There was little change in color balance. (Effects of the Invention) By using the method of the present invention, when exposing a photosensitive material using a light source whose emission intensity and emission spectrum maximum wavelength change depending on temperature, the effective amount of exposure given to the photosensitive material is Since it is not dependent on temperature, it is possible to prevent fluctuations in image density and disruption of color balance.

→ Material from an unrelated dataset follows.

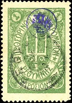 Regularly printed stamps came out later in 1899, printed by Grundman & Stangel of Athens, using a design based on Poseidon's trident. They came in three values, one and two metallik and one grosion (equivalent to four metallik or one piastre), and seven colors (orange, green, yellow, rose, lilac, blue, and black). A third set was issued using a variation of this design, adding five-pointed stars in the frame around the trident, and was printed in blue, rose, green, and lilac.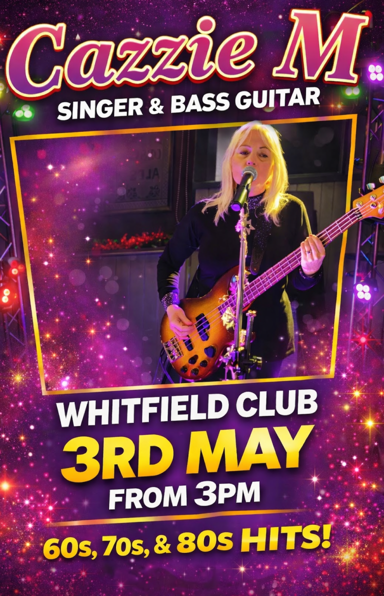 We’re excited to welcome Cazzie M to the Whitfield Club for the very first time, so let’s give her the warm welcome she deserves. With just her incredible voice and bass guitar, she’ll be performing a fantastic mix of hits from the 60s, 70s and 80s, the perfect soundtrack to your Bank Holiday.

[Brief explanation of the drawing]

FIG. 1 is a diagram showing an example of the light emitting characteristics of a light emitting diode used in the present invention. FIG. 2 is a diagram showing an example of the spectral sensitivity distribution characteristics of the photosensitive material used in the present invention and a photosensitive material for comparison. Figure 3 is an output compensation circuit using a temperature sensing element, Figure 4 is
FIG. 3 is a diagram showing an output compensation circuit using a forward voltage drop of an LED. PIR...Emission characteristics of GaAlAs light emitting diode,
PR...Emission characteristics of GaAlAs light emitting diode, PG
...Emission characteristics of GaP light emitting diode, 1... Spectral sensitivity characteristics of green-sensitive photosensitive layer (present invention), 2... Spectral sensitivity characteristics of green-sensitive photosensitive layer (comparison), 3... Spectral sensitivity of red-sensitive photosensitive layer Characteristics (present invention), 4... Spectral sensitivity characteristics of red-sensitive photosensitive layer (comparison), 5... Spectral sensitivity properties of infrared-sensitive photosensitive layer (present invention), 6... Spectral sensitivity of infrared-sensitive photosensitive layer Sensitivity characteristics (comparison), A... Image signal, 10... Thermistor, 11... Resistor,
12... operational amplifier, 13, 16... voltage-current converter, 14... LED, 15... analog multiplier,
17...Amplifier, 18...Sample hold, B
...Temperature measurement timing signal.

Claims (1)

[Scope of Claims] 1. A method of exposing a photosensitive material to form an image using a light source whose emission intensity and maximum wavelength of the emission spectrum vary depending on temperature, wherein the center wavelength of the variation of the maximum wavelength of the emission spectrum of the light source; An image forming method characterized in that the photosensitive material is exposed in such a manner that the wavelength of the maximum spectral sensitivity of the photosensitive material is almost the same, and fluctuations in emission intensity due to the temperature of the light source are compensated for. 2. The image forming method as described in item 1 above, characterized in that compensation for fluctuations in emission intensity of the light source is performed by a compensation circuit using a temperature detection element. 3. The image forming method as described in item 1 above, wherein compensation for fluctuations in emission intensity of the light source is performed by a compensation circuit using a light receiving element.